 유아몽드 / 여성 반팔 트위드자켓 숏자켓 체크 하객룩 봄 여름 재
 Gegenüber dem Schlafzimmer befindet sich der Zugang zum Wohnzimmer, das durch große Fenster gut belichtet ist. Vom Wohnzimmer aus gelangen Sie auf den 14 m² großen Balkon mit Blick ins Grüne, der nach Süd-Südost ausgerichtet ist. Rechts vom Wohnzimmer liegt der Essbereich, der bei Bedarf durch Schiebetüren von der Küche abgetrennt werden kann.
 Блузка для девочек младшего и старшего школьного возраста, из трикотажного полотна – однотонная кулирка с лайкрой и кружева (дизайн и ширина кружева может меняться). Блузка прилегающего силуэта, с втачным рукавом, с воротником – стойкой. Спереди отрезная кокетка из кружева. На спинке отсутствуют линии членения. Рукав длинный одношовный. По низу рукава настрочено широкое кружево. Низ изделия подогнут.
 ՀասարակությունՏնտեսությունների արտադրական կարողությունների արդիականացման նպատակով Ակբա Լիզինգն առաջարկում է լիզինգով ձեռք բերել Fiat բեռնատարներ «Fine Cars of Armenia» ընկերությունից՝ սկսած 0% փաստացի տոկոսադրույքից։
* * * * * * * * *
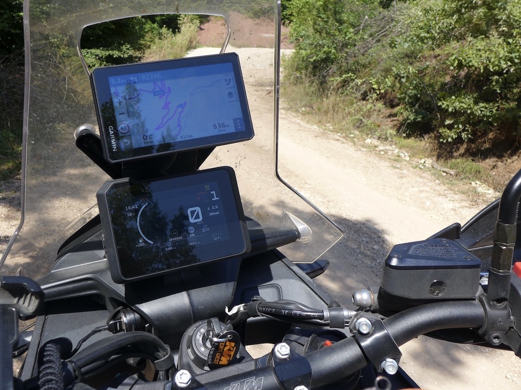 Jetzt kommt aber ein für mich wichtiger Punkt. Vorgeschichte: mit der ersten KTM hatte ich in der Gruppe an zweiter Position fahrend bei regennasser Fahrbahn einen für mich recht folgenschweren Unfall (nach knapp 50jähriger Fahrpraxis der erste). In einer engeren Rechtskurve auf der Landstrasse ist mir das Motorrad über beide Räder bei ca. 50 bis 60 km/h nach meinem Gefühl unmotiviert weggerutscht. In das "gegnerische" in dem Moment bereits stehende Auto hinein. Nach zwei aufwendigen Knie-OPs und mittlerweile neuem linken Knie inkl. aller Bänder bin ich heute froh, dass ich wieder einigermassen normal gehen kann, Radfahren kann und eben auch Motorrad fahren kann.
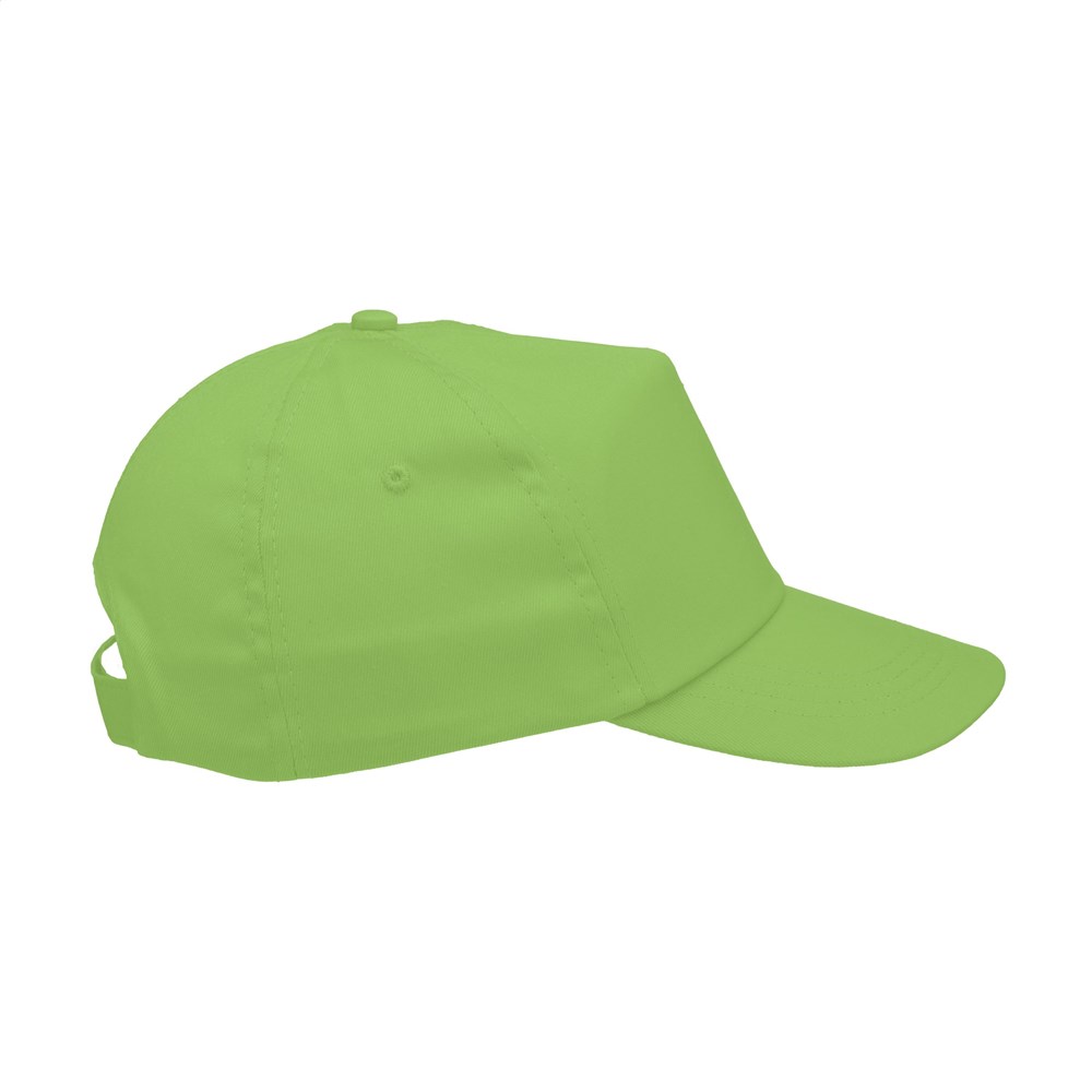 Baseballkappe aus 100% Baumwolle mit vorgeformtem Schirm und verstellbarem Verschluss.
* * * * * * * * *
• **What to produce**: Taking the material above, give again exactly the lines from the one holding "Jetzt kommt aber" through the one holding "Baseballkappe aus 100%", with both ends and without pictures.

• **Answer to this exercise**:
 Jetzt kommt aber ein für mich wichtiger Punkt. Vorgeschichte: mit der ersten KTM hatte ich in der Gruppe an zweiter Position fahrend bei regennasser Fahrbahn einen für mich recht folgenschweren Unfall (nach knapp 50jähriger Fahrpraxis der erste). In einer engeren Rechtskurve auf der Landstrasse ist mir das Motorrad über beide Räder bei ca. 50 bis 60 km/h nach meinem Gefühl unmotiviert weggerutscht. In das "gegnerische" in dem Moment bereits stehende Auto hinein. Nach zwei aufwendigen Knie-OPs und mittlerweile neuem linken Knie inkl. aller Bänder bin ich heute froh, dass ich wieder einigermassen normal gehen kann, Radfahren kann und eben auch Motorrad fahren kann.
 Baseballkappe aus 100% Baumwolle mit vorgeformtem Schirm und verstellbarem Verschluss.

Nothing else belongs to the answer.